Let’s find the giant leaf. For this we can filter observations in the trait Leaf Area that have Value larger than 10.

raw_traits |> 
  filter(Trait == "Leaf_Area_cm2_log",
         Value > 10)
#> filter: removed 10,293 rows (>99%), one row remaining
#> # A tibble: 1 × 11
#>   Date       Gradient  Site PlotID Individual_nr ID      Taxon       Trait Value
#>   <date>     <chr>    <dbl> <chr>          <dbl> <chr>   <chr>       <chr> <dbl>
#> 1 2018-07-18 C            5 C                  2 ANH3472 oxyria dig… Leaf… 17965
#> # ℹ 2 more variables: Elevation_m <dbl>, Value_log <dbl>

This value for Leaf Area is impossible. We can again check the envelope of this leaf to find out if this was a typo. It turns out the comma was missed when typing in the data. Let’s fix the problem with a mutate and if_else() statement. Note that we have to fix the problem for the Value and Value_log column.

raw_traits <- raw_traits |> 
  mutate(Value = if_else(ID == "ANH3472" & Trait == "Leaf_Area_cm2_log", 1.7965, Value),
         Value_log = if_else(ID == "ANH3472" & Trait == "Leaf_Area_cm2_log", log(1.7965), Value_log))
#> mutate: changed one value (<1%) of 'Value' (0 new NA)
#>         changed one value (<1%) of 'Value_log' (0 new NA)

6.9.2 Correlations

Another way to check the data is to plot variables against each other that should be correlated. In this dataset, we can plot dry mass against leaf area. We would expect a positive correlation between the two variables, where large leaves have a higher dry mass.

raw_traits |>
  dplyr::select(-Value) |> 
  tidyr::pivot_wider(names_from = Trait, values_from = Value_log) |>
  ggplot(aes(x = Dry_Mass_g_log, y = Leaf_Area_cm2_log)) +
  geom_point()
#> Warning: Removed 39 rows containing missing values (`geom_point()`).

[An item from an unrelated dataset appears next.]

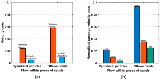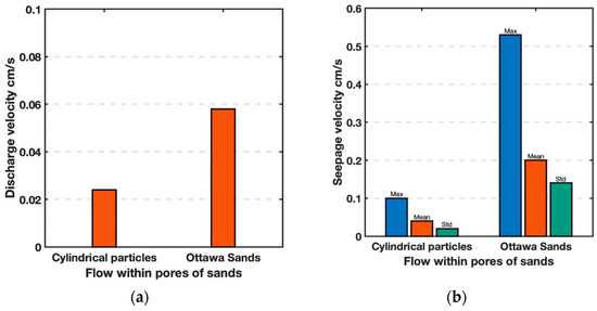 Comparison of average (a) discharge and (b) seepage velocities between perfect cylinders and simulated Ottawa sand particles.
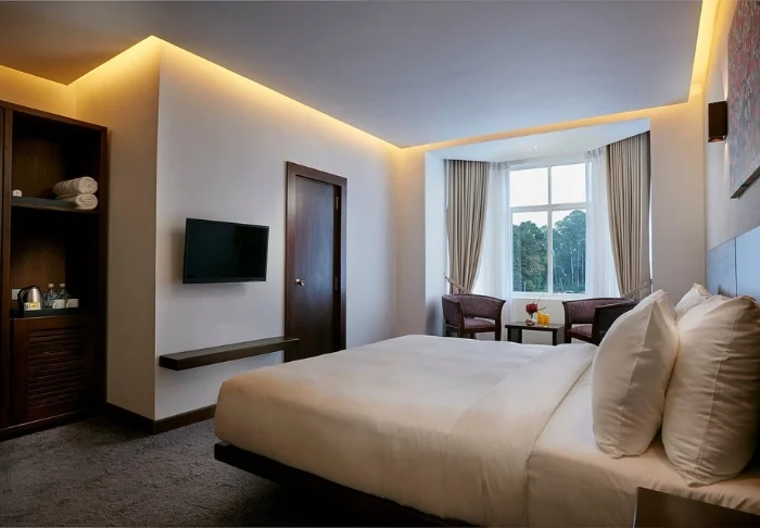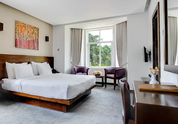 Standardmäßig übernachten Sie in einem geräumigen Deluxe Zimmer, das geschmackvoll in dezenten Farben und warmen Tönen gestaltet ist. Zur Ausstattung gehören ein Kleiderschrank, ein Schreibtisch, eine gemütliche Sitzecke sowie ein Bad mit begehbarer Dusche und kostenlosen Pflegeartikeln. Da das Klima im Hochland recht kühl sein kann, ist das Zimmer mit einer Heizung für Ihren Komfort ausgestattet. Darüber hinaus stehen Ihnen WLAN, eine Minibar, ein Safe sowie Tee- und Kaffeezubereitungsmöglichkeiten zur Verfügung.

A plot showing the correlation between leaf area and dry mass. The two variables are positively correlated, but there is a separate point cloud with lower dry mass and area.

Figure 6.4: Correlation between leaf area and dry mass.

We see a good correlation between leaf area and dry mass. However, there is a cloud with observations that separate from the main data cloud. These leaves have a lower dry mass and area.

Exercise 3

What could the problem be?

Hint

  • Use filter() to look at the observations that have a higher leaf area and mass and compare them to the rest of the data.
  • Units

The problem with the separate data points is the unit. They were measured in mg instead of g and are 3 digits off. This can easily be seen, when adding the regression lines for each data cloud, and two lines in between with the same slope but the intercept being 10 times smaller.

#> Warning: Removed 39 rows containing missing values (`geom_point()`).

A plot showing the correlation between leaf area and dry mass.

Figure 6.5: Correlation between leaf area and dry mass.